А употреблял отец кофе, галлон которого заливал в термос из нержавеющей стали, подмешивая немного персикового бренди – всего три глотка, бренди в кофе и не чувствовался. А еще отец умел отдыхать. И хотя спал он четыре часа, а остальные двадцать крутил баранку, все дело было в том, что эти четыре часа он в самом деле спал. Как закрывал глаза, так сразу и проваливался в сон. А через четыре часа, тютелька в тютельку, без всякого звонка снова был как огурчик, готов катить дальше. Отец уверял, что в дороге никогда не видел сны, ну или попросту не помнил. Мне же постоянно что-то снилось. Но я никогда не спал.
А вот дома отец сны видел. Однажды утром я был у себя наверху и услышал, как в кухне отец рассказывал маме: ему приснилось, будто бы его мозг превратился в огромную белую розу. Мама вдруг как расплачется.
Отец ей:
– Ну что ты, будет тебе, это ж такой красивый сон, он мне так понравился.
А мама, уже вовсю хлюпая носом:
– Да, Гарри, да, действительно красивый.
– Чего тогда сырость разводишь? – недоумевал отец.
Я услышал, как мама шмыгает носом, стараясь совладать с собой:
– Нет-нет, сон в самом деле прекрасный!
Потом отец обнял ее – дальше я слышал только приглушенные голоса и бульканье кофеварки. Но я понял, почему мама плакала: некоторые сны слишком прекрасны, чтобы присниться.
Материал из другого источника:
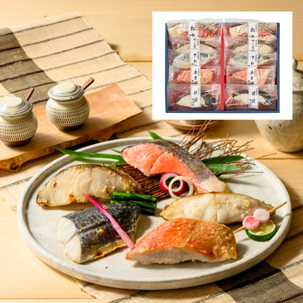- 銀だら、紅鮭、さわらなど5種類の魚を自社ブレンドした特製の味噌床で漬け込み山陰発祥「氷温熟成」技術で、素材の旨みを引き出したこだわりの味。
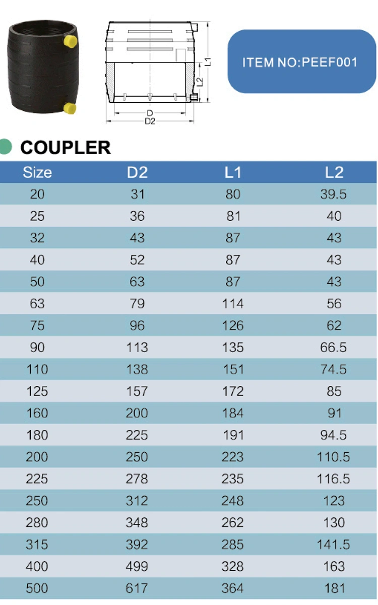 Coupler HDPE – Măng sông / Nối thẳng Electrofusion Fitting (Model: PEEF001)

Может, еще и поэтому я так налегал на старые добрые «белые кресты» – иной раз заглатывал их по двадцать штук в день. Они подпитывали мою естественную потребность в скорости, жажда которой, я уверен, не в последнюю очередь объяснялась смятением и безумием, захлестнувшими меня, восемнадцатилетнего парня, который вдруг отделался от школы. До чего восхитительное ощущение: нестись пушечным ядром через всю страну, гнать на полной скорости, пожирать горизонт и получать за это деньги. Но очень скоро вышло так, что мне стало трудно останавливаться. Я был молод, горяч и глуп, но нутром чуял, что когда не хочешь останавливаться, именно тогда-то и нужно пересилить себя, не то пропадешь. Меня лишили водительских прав еще в двух штатах, я пристрастился к бензедриновым «колесикам» и слишком засиживался в придорожных кафе, отогреваясь на скорую руку в объятиях официанток. Моя жизнь катилась под откос, и я понимал: надо что-то делать. Так что в октябре 1956-го я отправился в Сан-Франциско. Почему туда? Да, собственно, потому, что автостопщики, которых я подбирал, все как один твердили – это единственное место во всей стране, где чувствуешь ритм жизни. Сейчас, когда я оглядываюсь назад, мне кажется странным, что тогда, в 56-м, я хотел свернуть на обочину. Да, я в самом деле, по-честному – клянусь! – стремился соскочить с этих маленьких беленьких таблеток, которые заставляли мчаться вперед и от которых делалось хорошо. А если совсем начистоту, то я не то чтобы стремился, но все же понимал, что иначе круто вляпаюсь… И хотя не знал толком, чем именно хочу заняться в жизни, у меня не было никакого желания раньше времени превратиться в развалину, кучу дерьма. Толика здравого смысла во мне все же оставалась.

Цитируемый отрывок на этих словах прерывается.